Siva K
Siva K

Reputation: 4968

Out of memory on a 10171204-byte allocation in android app

in my app i am trying to download some video in button click. i am showing a progress bar in the notification area, i have already asked a question regarding this here (it is under bounty)

Now to solve my problem i changed the code to be as follows, when the first button is clicked it starts an progress bar in notification by a class UploadService extends IntentService and the progress bar is shown

When the second button is clicked it tries to start another progress bar in notification by a class UploadService2 extends IntentService, but immediately the app gets crashed and it shows the following error as follows

E/dalvikvm-heap( 2325): Out of memory on a 10171204-byte allocation.
E/AndroidRuntime( 2325): Uncaught handler: thread IntentService[UploadService2] exiting due to uncaught exception
E/AndroidRuntime( 2325): java.lang.OutOfMemoryError
E/AndroidRuntime( 2325):        at uk.me.hardill.android.notification.UploadService2$1.run(UploadService2.java:93)
E/AndroidRuntime( 2325):        at uk.me.hardill.android.notification.UploadService2.onHandleIntent(UploadService2.java:134)
E/AndroidRuntime( 2325):        at android.app.IntentService$ServiceHandler.handleMessage(IntentService.java:30)
E/AndroidRuntime( 2325):        at android.os.Handler.dispatchMessage(Handler.java:99)
E/AndroidRuntime( 2325):        at android.os.Looper.loop(Looper.java:123)
E/AndroidRuntime( 2325):        at android.os.HandlerThread.run(HandlerThread.java:60)

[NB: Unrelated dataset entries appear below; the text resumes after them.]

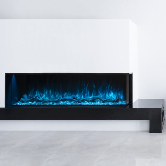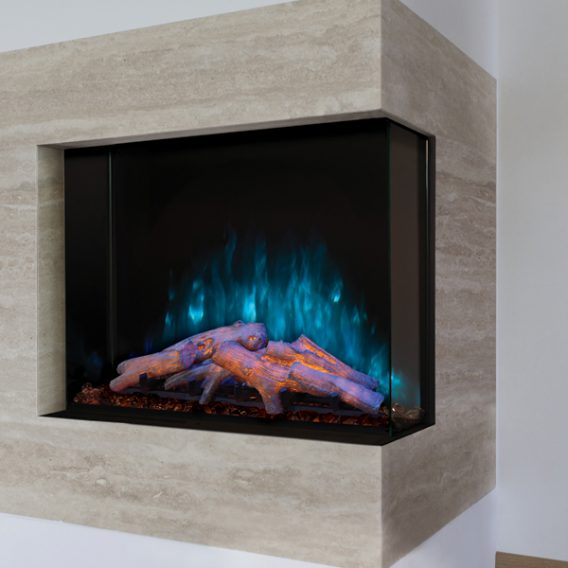 電気暖炉本体の側面がクリアガラスタイプにもできるため、前面と側面の様々な角度で炎をお楽しみ頂けます。炎の色、ダウンライトの色、薪下側ライトの色の変化により、炎をより美しく複雑に表現します。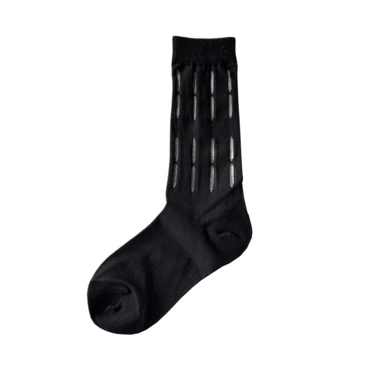 さりげない縦ストライプ柄がポイントのクルー丈ソックス。シンプルなデザインながら、控えめな光沢感が足元を上品に演出します。カジュアルなスタイルにも、きれいめな装いにも合わせやすく、デイリーユースに活躍します。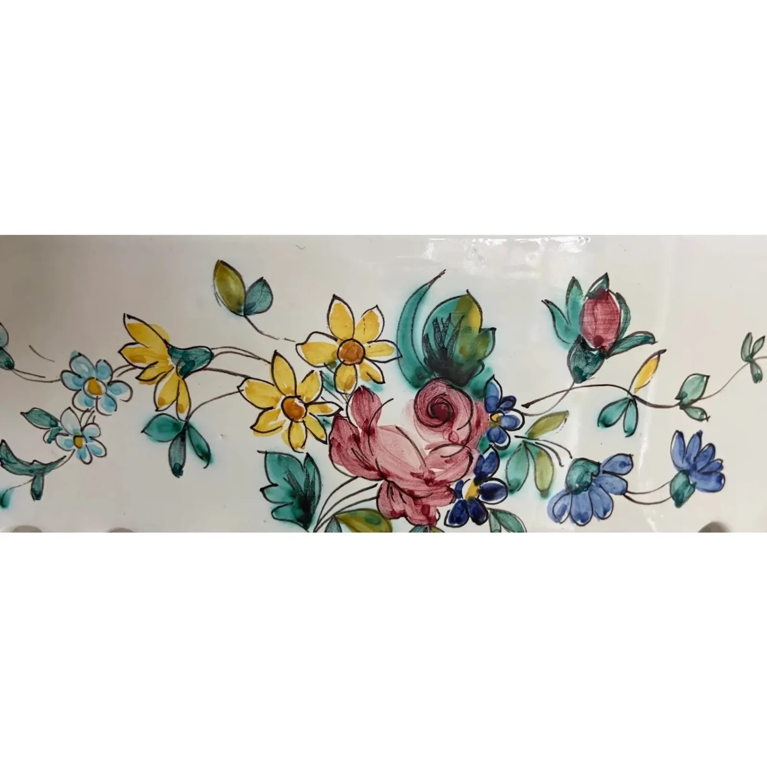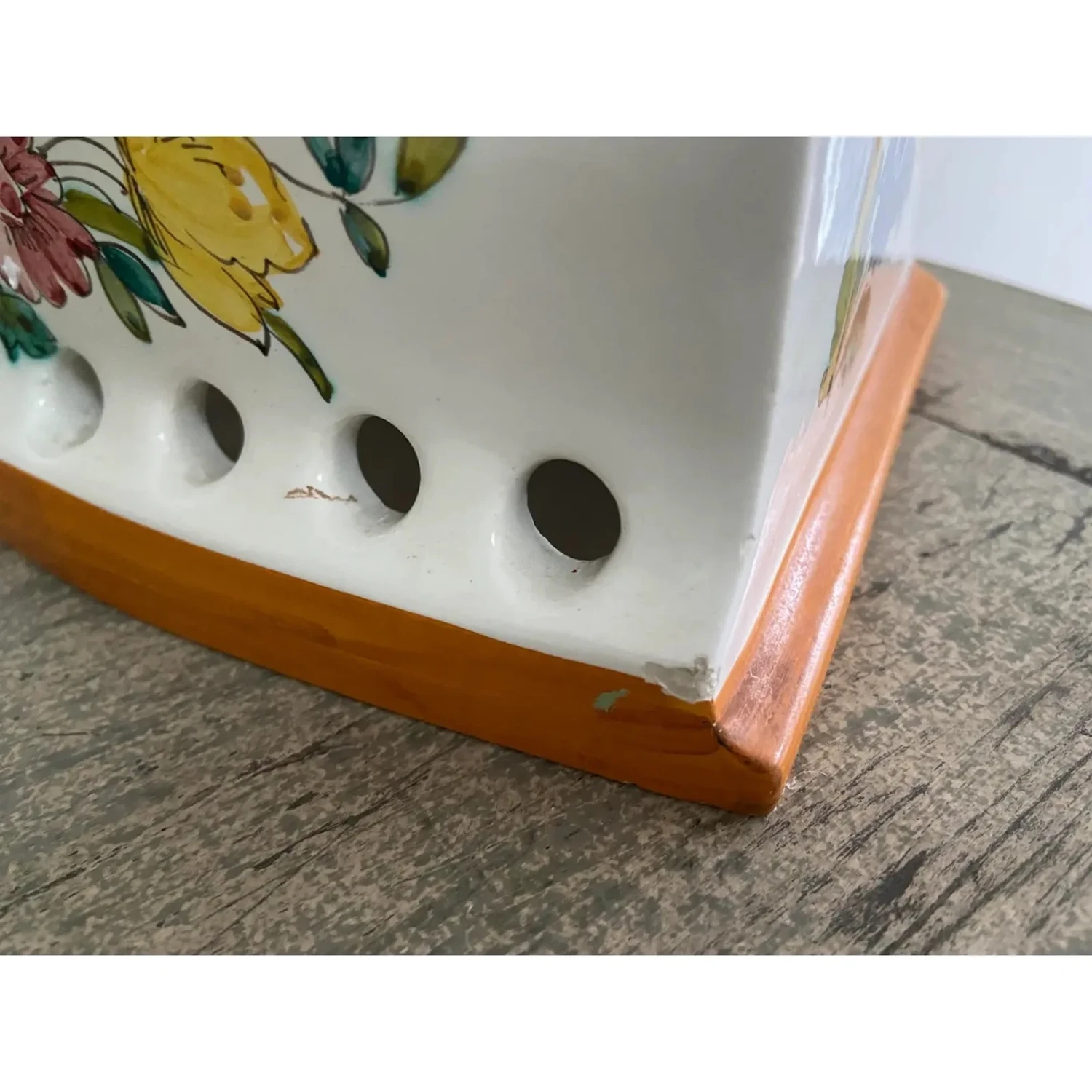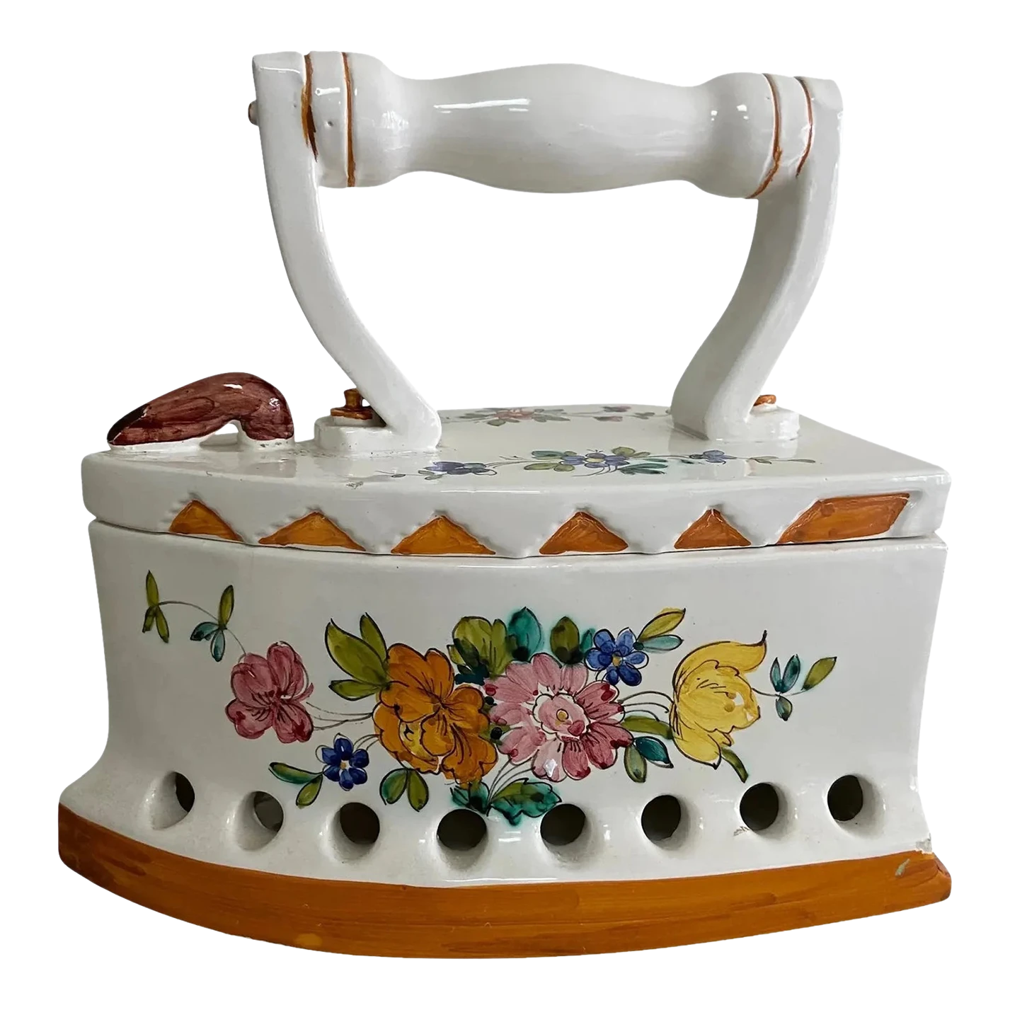 Charming vintage ceramic pomander or potpourri box in the form of a flat or sad iron. The lidded box is beautifully hand painted with flowers and foliage. It is unmarked, but was most likely made in Italy.

My UploadServices class is here

Upvotes: 1

Views: 2304

Answers (1)

Jon Skeet
Jon Skeet

Reputation: 1500145

Given that you're only using the buffer in this bit of code:

byte[] buffer = new byte[10171188];
int len1 = 0;
while ((len1 = is.read(buffer)) != -1) 
{
    fos.write(buffer, 0, len1);
}

the answer seems pretty simple: use a smaller buffer. Even on a desktop I'd normally create a buffer of about 32K - creating a 10M buffer on a mobile device is a really bad idea IMO.

Even if you could fill that buffer, there's no need to have one that big - and as you're actually fetching a network resource, it's incredibly unlikely that even 1% of the buffer is ever going to be populated in a single read.